Many Mexicans used to fear traveling totheir nation's capital, concerned about crime.
Street assaults and kidnapping are stillmajor worries for residents and visitors. And in high-end neighborhoods, youmight find a store selling bulletproof glass near a designer clothing boutique.
But the city's homicide rate is on par withother major metropolises around the world.
And with drug violence plaguing other partsof the country, Mexico City has actually earned a reputation as one of thesafer places to go.
8. It's not just tacos and tequila.

Don't expect to find much cheesy Tex-Mexfare here. The Mexico Cityculinary scene is muy caliente, with fancy restaurants in poshhotels and top chefs saying they come here for inspiration. Pujol, a restaurant in the city's poshPolanco neighborhood, ranksamong the world's top eateries.
But it's not all about fine dining. Marketstalls and street stands serve up some of the city's most delicious food.
If you're looking for tequila, it's nothard to get it. But if you want to drink like a local, try mezcalor pulque.
如果你想寻找龙舌兰,那并非难事。如果你想像当地人那样喝酒,那可以喝mezcal 和pulque。
All three drinks are made from agaveplants. Tequila comes from blue agave. Mezcal can be made from different typesof agave plants and has become a popular drink for hipsters in Mexico'scapital.
So has pulque, a 2,000-year-old Aztec drinkmade from fermented but undistilled agave juice.
9. The subway is fast, cheap andfascinating.

While many businessmen and foreigners wholive in the city rely on taxis and car services, Mexico City's metro is still the most popularway to get around for the masses.
Protests after authorities announced plans to raise feeslast year weren't successful.
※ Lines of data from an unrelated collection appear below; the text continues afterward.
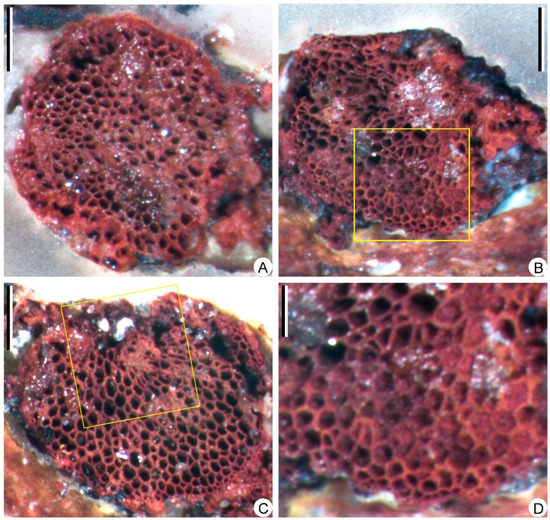 Transverse sections of the stele, showing the anatomy of Sublepidodendron grabaui. (A) Solid protostele. Scale bar = 1 mm. (B) Partially preserved stele. The rectangle indicating the portions enlarged in Figure 7D. Scale bar = 1 mm. (C) Partially preserved stele. The rectangle indicating the portions where tracheids are torn. Scale bar = 1 mm. (D) Enlargement of Figure 7B (rectangle) displaying the periphery of the stele with protoxylem tracheids. Scale bar = 400 μm.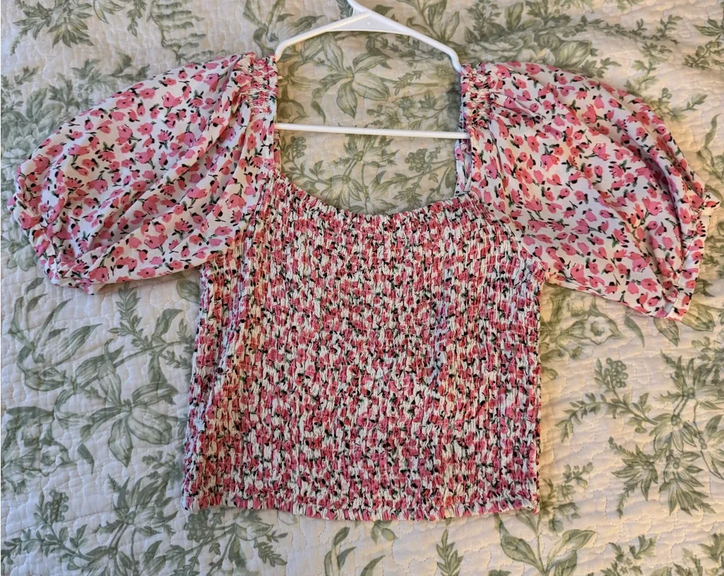 This charming blouse by Sophie Rue features elegant puff sleeves and a smocked bodice, offering a flattering fit. The red and white floral pattern adds a touch of romance, making it perfect for a stylish day out. Its puffed sleeves and smocked details create a timeless, feminine silhouette.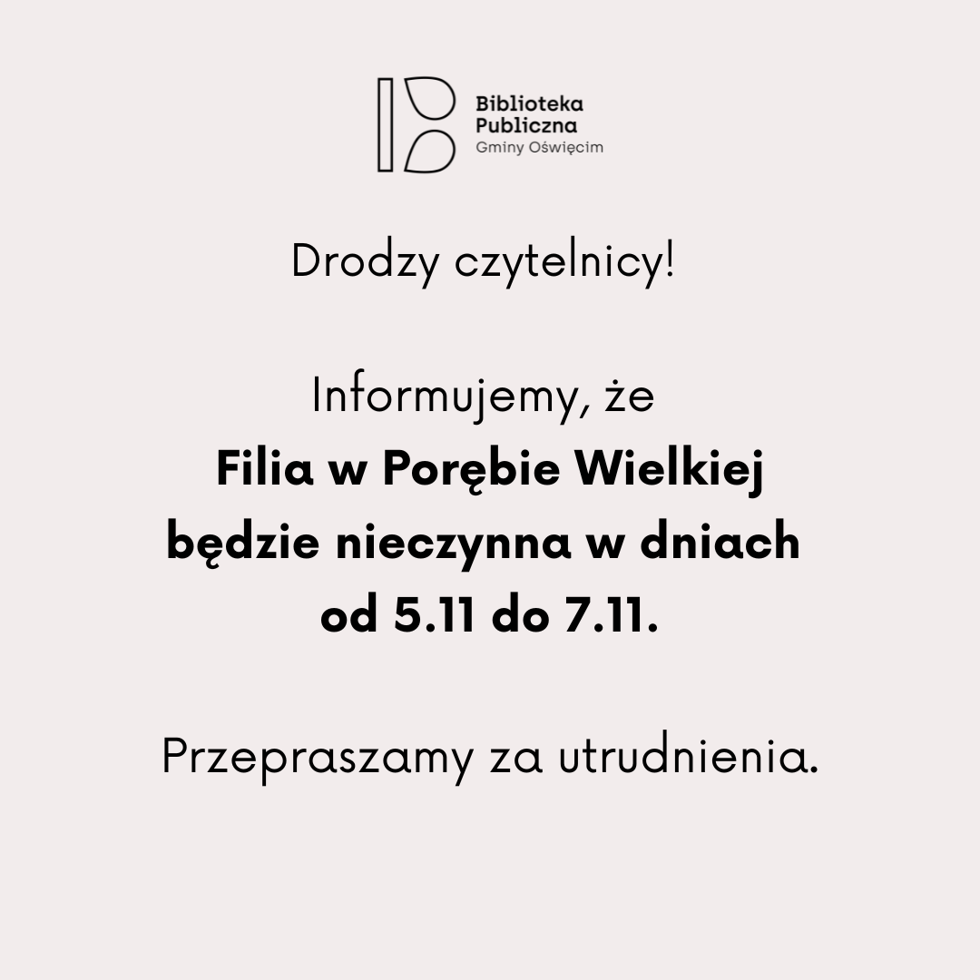 Informujemy, że Filia w Porębie Wielkiej będzie nieczynna w dniach od 5 do 7 listopada.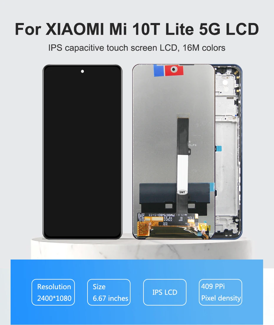 Оригинальный дисплей 6,67 ''для Xiaomi Mi 10T Lite 5G, ЖК-дисплей, сенсорный экран, дигитайзер в сборе для Xiaomi Mi 10T Lite 5G, ЖК-дисплей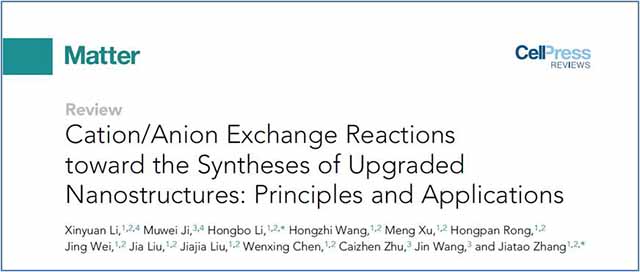 近日,北京理工大學(xué)化學(xué)與化工學(xué)院院長(zhǎng)張加濤團(tuán)隊(duì)在Cell旗下材料學(xué)旗艦期刊《Matter》上發(fā)表了題為《Cation/Anion Exchange Reactions towards the Syntheses of Upgraded Nanostructures: Principles and Applications》的綜述文章(Matter 2020, 2, 554-586),基于團(tuán)隊(duì)在離子交換策略精準(zhǔn)合成II-VI族摻雜及異質(zhì)納米晶及應(yīng)用方面研究成果,詳細(xì)介紹了合成無機(jī)納米晶的離子交換反應(yīng)的反應(yīng)機(jī)理、材料合成進(jìn)展、性能應(yīng)用和展望。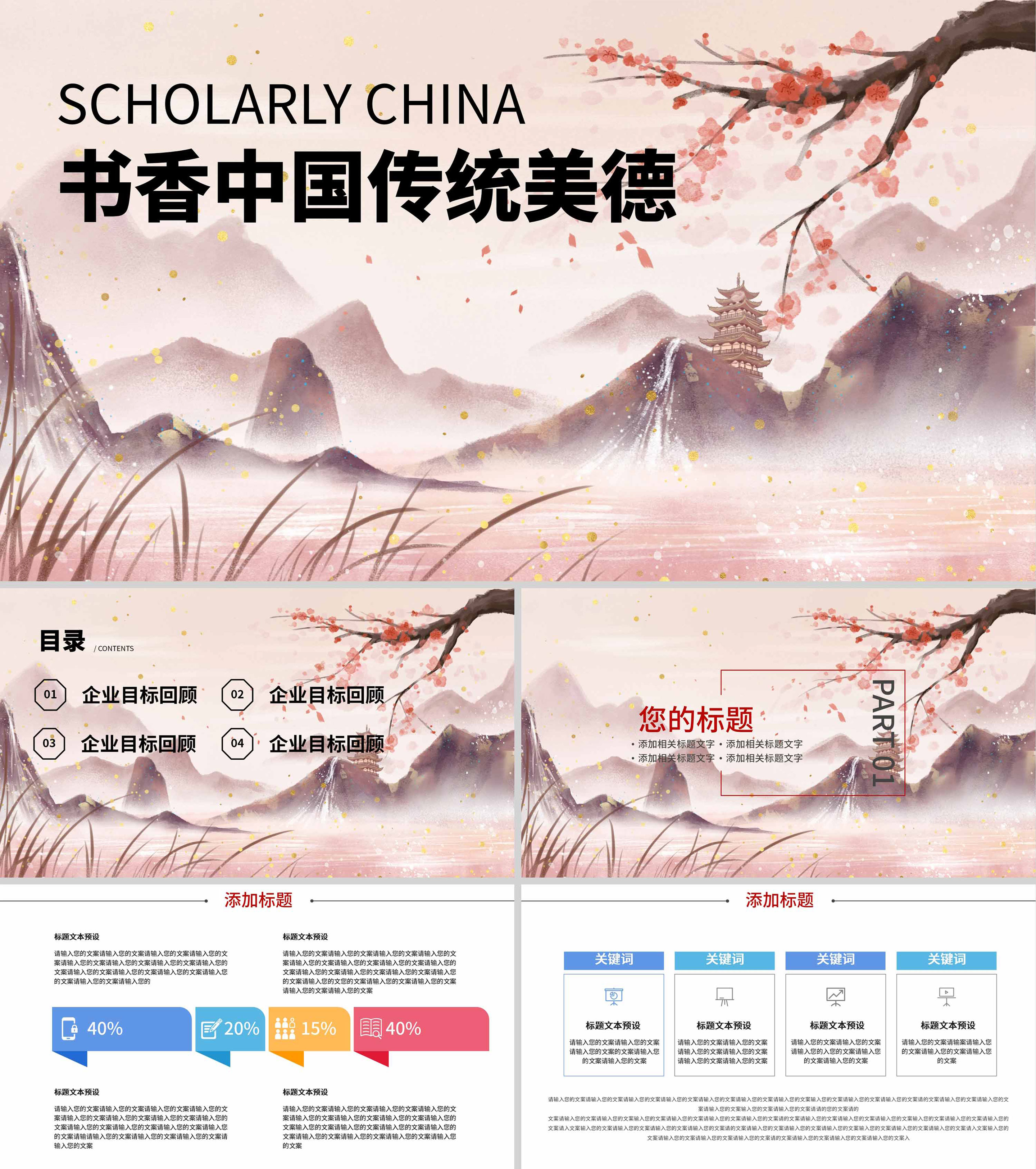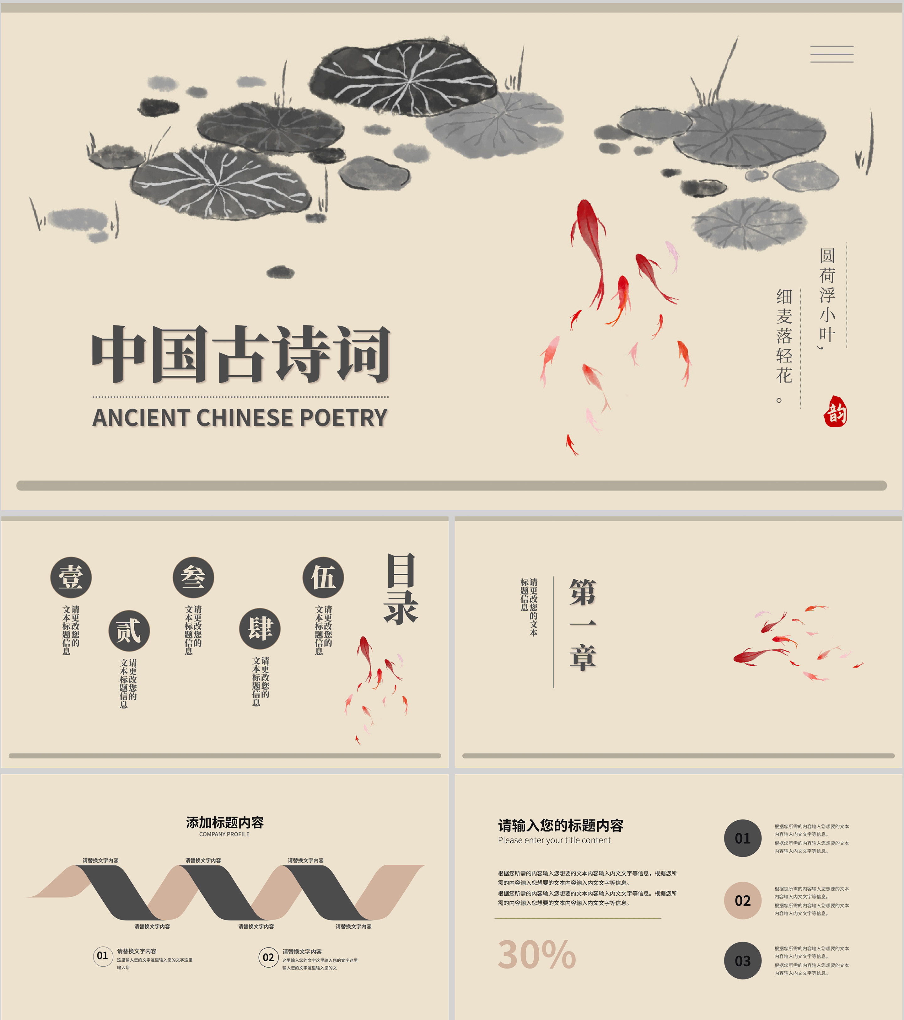 棕色中国风水墨语文传统古诗词教育PPT模板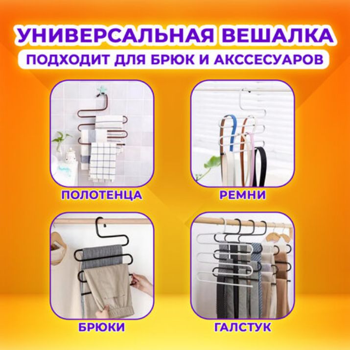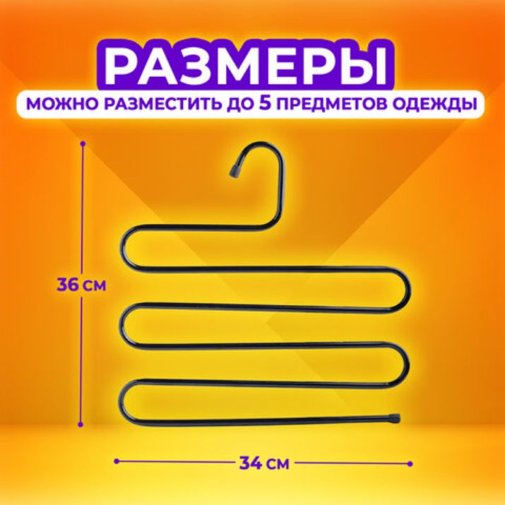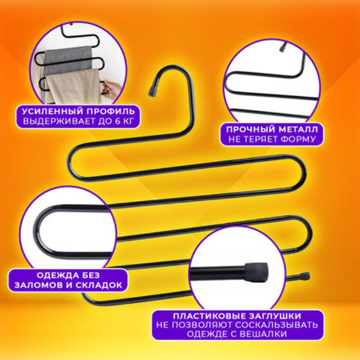 Вешалка для брюк и одежды "ЗМЕЙКА" позволяет повесить большее количество одежды на вешалку, что экономит время и облегчает поиск нужной вещи в шкафу.
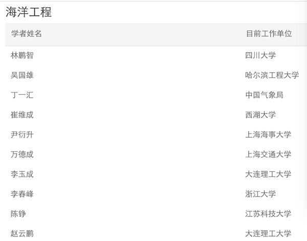 中國氣象局的丁一匯院士排在海洋工程領域的第三位,耄耋之年的他講一門《高等天氣學》講了40多年。在他之后排名第四的崔維成是載人潛水器“蛟龍?zhí)枴钡脑O計師,隨著他的作品下潛過太平洋馬里亞納海溝。該領域的第一和第二位分別是四川大學的林鵬智和哈爾濱工程大學的吳國雄。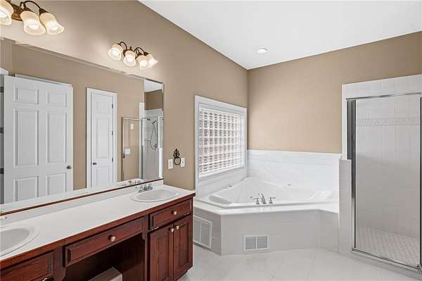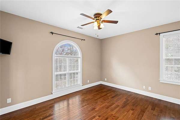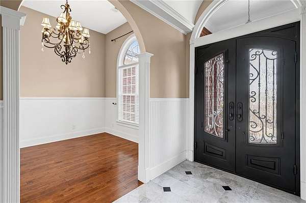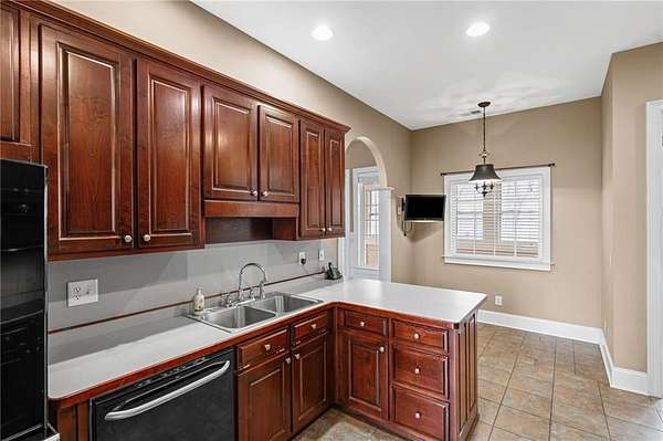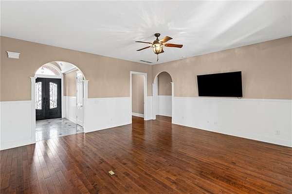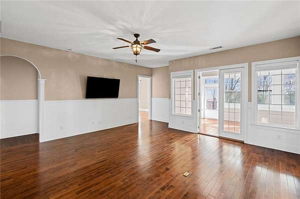 Welcome to this beautifully crafted, all-brick ranch home that blends classic architecture with warm, inviting spaces. From the moment you arrive, the grand arched entryway, double wrought-iron doors, and symmetrical front facade make a bold and elegant first impression. Step inside to a sun-filled foyer framed by soaring arches, columns, and detailed trim work that opens into an airy, open-concept layout. The home showcases rich hardwood floors, a spacious living area with French doors, and thoughtfully designed spaces perfect for both daily comfort and upscale entertaining. The kitchen features warm wood cabinetry, generous counter space, and direct access to the formal dining room, large enough to comfortably seat up to 12 guests under its stunning chandelier and arched picture window. A dedicated laundry room with custom built-ins adds convenience and organization to your daily routine. Retreat to the luxurious primary suite, complete with a spacious double-vanity bath, walk-in shower, and a jetted corner tub set beneath a glass-block window, your own private spa escape. Each of the 3 other bedrooms offer their own private full bath. Outside, enjoy a private deck overlooking mature trees with beautiful Mountain View, a 2-car garage with ample driveway space for additional parking or projects. The property also has a 12 x 24 storage building. The fully finished basement also offer 10' ceilings, hardwood floors, a large family room area, 2 other multi-use rooms, a spacious theater room (theater room is furnished, including equipment). There is also a space which could easily be converted to a small kitchenette/bar area. A lower level 2 car garage with workshop is climate controlled with a sink and full wall storage cabinets. This home blends character, functionality, and future potential. It's pristine, spacious, and ready for your personal touch.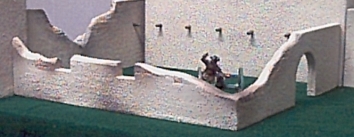 This corner unit is designed to slide against the rear wall of the convent and the chapel. It measures 13.5”x13"x4” high. It has an archway that leads to the corral area and there is an earth covered gun ramp in the corner which is raised about .5”. The model is painted as shown and there are exposed adobe bricks near the damaged area that are finished in contrasting colors. Order P141 $65.00 Correl Wall Section This model is designed to slide against the Courtyard wall section or can be used directly behind the convent if space is a concern. It measures 10”x13.5”x1.5” high. It comes completely painted as shown in the picture and includes the earth gun ramp Order P142 $40.00 Links Page 1 Page 2 Page 4 Page 5 Page 6 Page 7 Page 8 To order Home Page |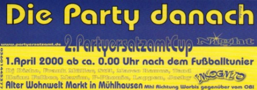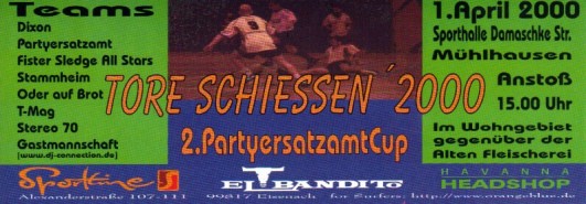 [archive] - [events 2000] - [tore 2000] - [vorschau] Tore Schiessen´ 2000 2. PartyersatzamtCup !An das sportliche Feiervolk! Die Rede ist von der ultimativen Mischung zwischen Sport und Techno. Insider wissen wovon hier geredet wird (Fussball!). Dieses Jahr sollen auch wir, das Team von DJ-Connection eine Mannschaft aufstellen. Für ein Hallenfußballturnier der anderen Art. Dazu brauchen wir Euch! Denn nur durch Eure Teilnahme können wir siegen! Da aber fair vor geht, drücken wir den anderen 7 Teams die Daumen und wünschen ihnen viel Erfolg!!! ![]() Da im letzten Jahr 12 Mannschaften am Start waren und die Spieler (vom DJ bis Türsteher der jeweiligen Organisation) ziemlich erschöpft waren, wurde dieses Jahr auf 8 reduziert. So werden um sportlichen Erfolg "fighten" das PEA-Team, die Dixon-Crew, Marco Remus und seine Mannen (Stereo 70), die Fister Sledge All Stars, aus Hessen das Stammheim-Team, Oder auf Brot, die T-Mag und wir, DJ-Connection. ![]() Also liebe Leute, laßt uns nicht im Stich... und meldet Euch bei uns an. weBuster Chris !?!Leider schon vorbei... aber vielleicht im nächsten Jahr!?! [top] |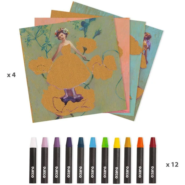Une activité de pastels gras aux illustrations inspirées du style du grand maître impressionniste, Edgar Degas. L’enfant ajoute progressivement les couleurs, les superpose pour créer ombres et lumière dans le pli des étoffes. Les danseuses prennent vie.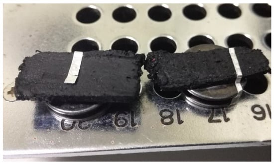 In order to conduct a microscopic and a particle analysis for the conductive polymer samples, a sample preparation method was required. First, the conductive polymer pill was sliced into samples each with a thickness of 2–3 mm using a precision low speed saw and a diamond blade. Later, a partial metallizing using gold sputtering was conducted prior to the analysis. Prepared samples that were mounted on Scanning Electron Microscope (SEM) studs are shown in Figure 15.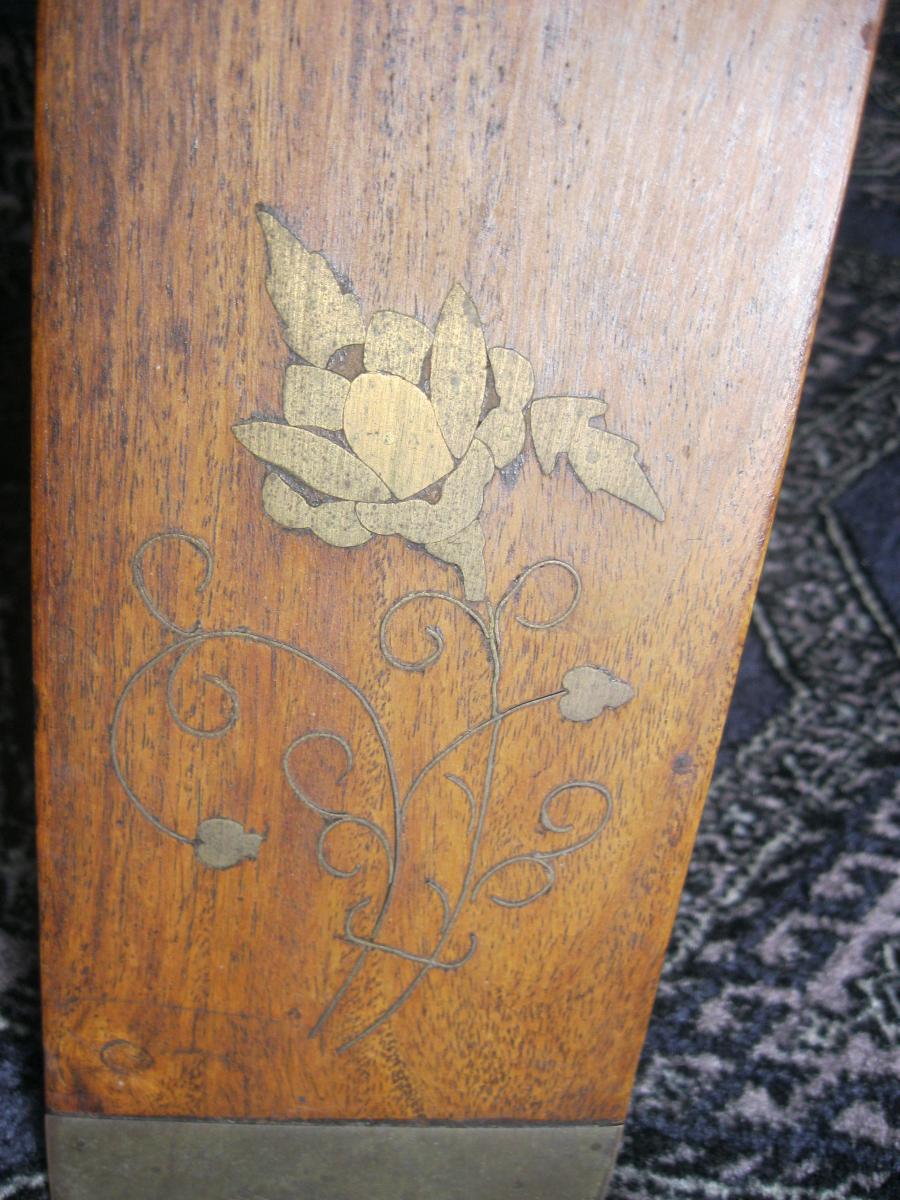 Could be used as a decorative item, footstool, or whatever. Brass feet and inlaid decoration.

But taking the subway is still pretty cheap: just5 pesos (about 40 cents) for a ticket.
And it's not just a way to get from point Ato point B. For some people, stations on the city's 12 subway lines are adestination. There are shops, libraries, art exhibits and even computer labsinside.
A pedestrian tunnel between two subwaystations in the heart of the city boastsmore than 40 bookstores.
10. It's not all loud noise and concrete.

If you need a break from the bustle, ittakes only a short subway ride in Mexico City to reach places where you'll feel like youstepped back in time.
Neighborhoods like San Angel and Coyoacan(where artists Diego Rivera and Frida Kahlo made theirhome) have cobblestone streets, beautiful buildings and quaint cafes that willgive you a chance to catch your breath.
比如圣安吉尔和柯约阿钦区(艺术家Diego Rivera 和 Frida Kahlo的住处)里都铺有鹅卵石铺就的街道,漂亮的建筑,以及古雅的咖啡屋,所有这些都可以让你好好喘口气。